Grief may be magnified this holiday season due to the pandemic


AUGUSTA, Ga. (WJBF) – The holiday season does not mean everything will be merry and bright for everyone.

Trees, songs and gatherings signify happiness, a characteristic that is not synonymous with 2020. But there’s a reason why you may feel down.

“All change brings grief,” said Rev. Dr. Andy Menger with Church of the Good Shepherd.

He has done his share of funerals and comforting grieving families. But this year brought a different type of loss that might cause some people to want to avoid Christmas cheer.

“I have so many people that I know who are elderly and they won’t see their grandchildren this Christmas or they won’t be able to go to a son’s home or a daughter’s home or have them there and that grieves them,” he said.

But don’t feel bad. How you feel is normal.

Rev. Dr. Menger, who serves as Senior Assistant Rector holds a grief share via Zoom each Monday at 5:30 p.m. and he knows that people who are grieving need to connect with other people who are grieving.

“It is ok. I call it the cover my head in the bed syndrome. Just want to crawl in bed, get under the bed, pull the covers, and just kind of grieve a little bit,” he explained.
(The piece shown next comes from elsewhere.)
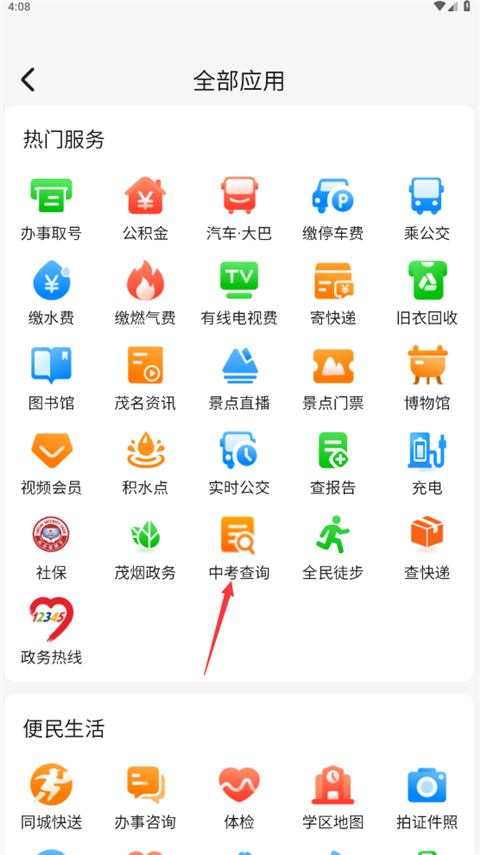 2、找到中考成绩查询服务进入。

She won’t be in bed, but Melrose York knows exactly how it feels after losing her husband Ron in February and her daughter Katie 12 years ago. Add the COVID pandemic and she has a triple dose of sadness.

“It’s hard for everybody. It’s absolutely the most difficult year I think any of us can remember, but people in grief, it’s harder for us,” she said.
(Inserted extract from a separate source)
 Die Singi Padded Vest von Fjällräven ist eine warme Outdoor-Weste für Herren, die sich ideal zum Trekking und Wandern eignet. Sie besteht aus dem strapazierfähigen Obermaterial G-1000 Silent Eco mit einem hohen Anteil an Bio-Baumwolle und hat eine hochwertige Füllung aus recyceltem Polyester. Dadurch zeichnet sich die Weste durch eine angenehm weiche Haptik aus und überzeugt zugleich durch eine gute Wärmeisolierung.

York told NewsChannel 6 there won’t be any trees and lights. As a Christian she plans to focus on the reason for the season, a nativity set will be her go to decoration this year. And she plans to see some family, an important factor in getting through grief.
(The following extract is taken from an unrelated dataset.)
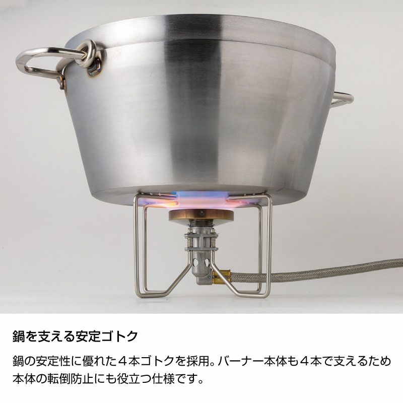 連続使用時や低温時のボンベ内の圧力低下に影響されにくく、安定した火力を発揮します。

“Just the mere loss itself is isolating. And you put COVID on top of it and all we’ve had to do. We can’t see people’s faces, we have to stay 6-8 feet apart, there’s no touch involved at this time. It’s hard because people in grief need community,” she said.

But there is something that can be done this holiday season.

“With COVID and all the upheaval in our country, it’s great to have something higher. I’m speaking as a Christian priest,” Rev. Menger said. “Something higher that calls you to light, to God, to Fellowship.”

Rev. Dr. Menger added people should also pick one small thing to do differently, keep a routine and be patient with yourself.